For years, plant personnel have relied upon a variety of traditional considerations—pressure rating, pressure drop, flowing medium, temperature and cost—to  select a control valve. However, things have changed dramatically in the last decade. Advances in valve design, changes in process economics and a greater understanding of process controls have combined to render many of those traditional considerations significantly less relevant.

Dynamic considerations

 While the traditional considerations are important, they focus only on the “static” performance of the valve. In essence, they are “bench” measurements that say relatively nothing about how the valve will perform under actual operating conditions.
Conventional wisdom assumes that taking care of static considerations will provide good valve performance, thereby yielding good loop performance. We now know that this isn’t always the case.

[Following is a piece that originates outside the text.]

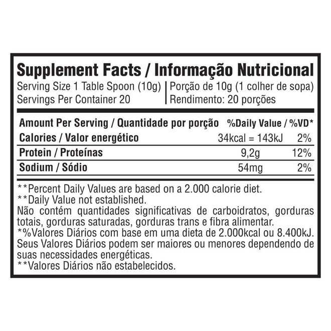 Ingredientes: Colágeno hidrolisado em pó, ácido cítrico, aromatizante, edulcorante sucralose e corante vermelho allura AC..

Thousands of performance audits conducted by independent consultants and manufacturers have proven that as many as 50 percent of the valves in service, many of which were selected by conventional considerations, detract from the efforts to optimize control loop performance. Follow-up research shows that the valve’s dynamic characteristics play an important role in reducing process variability, which is part and parcel to process optimization. (Process variability is a measure of how closely the system can maintain the process variable to the set point despite random disturbances.)

However, note that both Valves B and C can achieve significantly greater reductions in process variability. With moderate loop tuning, the difference can be more than one percent. In many critical processes, this small upgrade can improve the bottom line by more than $1 million, thanks to increased productivity and reduced waste. It’s clear that these economic advantages completely overwhelm the conventional wisdom of purchasing a valve on the basis of only the initial purchase price.

Secondly, conventional wisdom has always maintained that improved process optimization comes from better control room instrumentation. However, the test data in Figure 1 shows that under the same instrumentation, the valve’s dynamic performance can affect loop performance significantly. Little can be gained by spending a lot of money for a sophisticated control instrumentation system capable of performing to 0.5 percent accuracy, if the accuracy of the ontrol valve is only five percent.

Valve gain and characteristics
Conventional thinking about sizing focuses on whether a valve can pass the required flow under all service conditions. Because of uncertainties, it’s common for the specifying engineer to provide some additional margin of flow. And  it’s not uncommon for even more margin to be added during subsequent equipment reviews. In other situations, particularly with butterfly valves, it’s common to specify line-sized valves. As a result, the majority of control valves in service today are grossly oversized. Until recently, no one understood how much this affects valve gain, which, in turn, influences process variability.

Valve gain is the flow rate change with respect to valve travel. Under static test conditions of constant pressure drop, a curve showing steady-state flow, plotted as a function of valve travel, would be called an “inherent valve characteristic.” It represents how a particular valve operates when it’s subjected to constant pressure drop conditions. The three inherent valve characteristics are quick opening, linear and equal percentage.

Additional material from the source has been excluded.